----- INFORMATION GIVEN -----
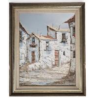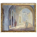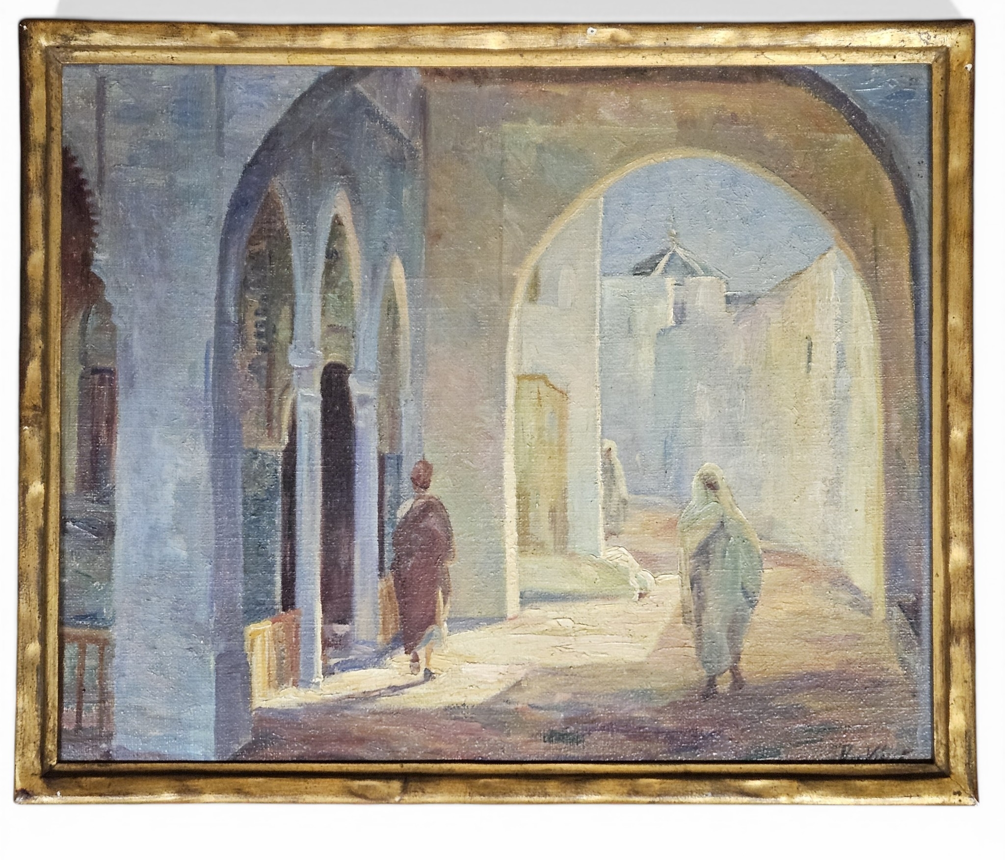 A very interesting early 20th Century north African or middle eastern Oil on Canvas of a street scene with figures, signed LR and details written in pencil verso on stretcher. 40 x 49 cm approx.
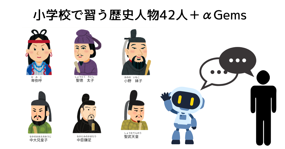 小学校で習う歴史人物42人+α Gems Gems X Facebook はてブ LINE Pinterest コピー 2026.02.10 小学校で習う歴史人物になりきったAIになんでも質問してみよう?例えば織田信長Gemsに、明智光秀をどう思っていますか?とか長篠の戦に点数をつけるとしたら何点ですか?とか。どんな答えが返ってくるかな?そしてその答えは本当に正しいのかな?調べたい人物の画像をクリックしてね! なお、このサイトにつかわれているイラスト画像は、いらすとやさん、及びイラストACさんのものを使用しております。素敵なイラストありがとうございます。
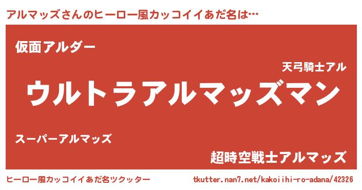 アルマッズさんのヒーロー風カッコイイあだ名をツクッター!
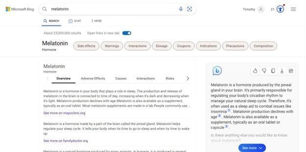 As seen in the above screenshot, the searcher can learn about the adverse effects, causes, and risks associated with melatonin without visiting any of the websites the information was drawn from, including Mayo Clinic and Family Doctor.
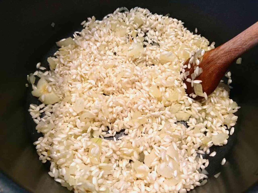 Rozohrejeme si hrniec, avšak opatrne, aby sme nemali príliš vysokú teplotu. Pridáme olivový olej a po minútke aj nadrobno nakrájanú cibuľku. Chvíľku restujeme, ale pozor na to, aby ostala cibuľka bez farby, nakoľko sfarbená má úplne inú chuť a rizoto by pripomínalo skôr chuť guľášu. A to predsa nechceme! K cibuľke pridáme aj nadrobno nakrájaný cesnak.
-----
**WHAT IS BEING ASKED**
Every entry must be retyped exactly, with the pictures removed.

**SOLUTION FOR THIS EXERCISE**
 A very interesting early 20th Century north African or middle eastern Oil on Canvas of a street scene with figures, signed LR and details written in pencil verso on stretcher. 40 x 49 cm approx.
 小学校で習う歴史人物42人+α Gems Gems X Facebook はてブ LINE Pinterest コピー 2026.02.10 小学校で習う歴史人物になりきったAIになんでも質問してみよう?例えば織田信長Gemsに、明智光秀をどう思っていますか?とか長篠の戦に点数をつけるとしたら何点ですか?とか。どんな答えが返ってくるかな?そしてその答えは本当に正しいのかな?調べたい人物の画像をクリックしてね! なお、このサイトにつかわれているイラスト画像は、いらすとやさん、及びイラストACさんのものを使用しております。素敵なイラストありがとうございます。
 アルマッズさんのヒーロー風カッコイイあだ名をツクッター!
 As seen in the above screenshot, the searcher can learn about the adverse effects, causes, and risks associated with melatonin without visiting any of the websites the information was drawn from, including Mayo Clinic and Family Doctor.
 Rozohrejeme si hrniec, avšak opatrne, aby sme nemali príliš vysokú teplotu. Pridáme olivový olej a po minútke aj nadrobno nakrájanú cibuľku. Chvíľku restujeme, ale pozor na to, aby ostala cibuľka bez farby, nakoľko sfarbená má úplne inú chuť a rizoto by pripomínalo skôr chuť guľášu. A to predsa nechceme! K cibuľke pridáme aj nadrobno nakrájaný cesnak.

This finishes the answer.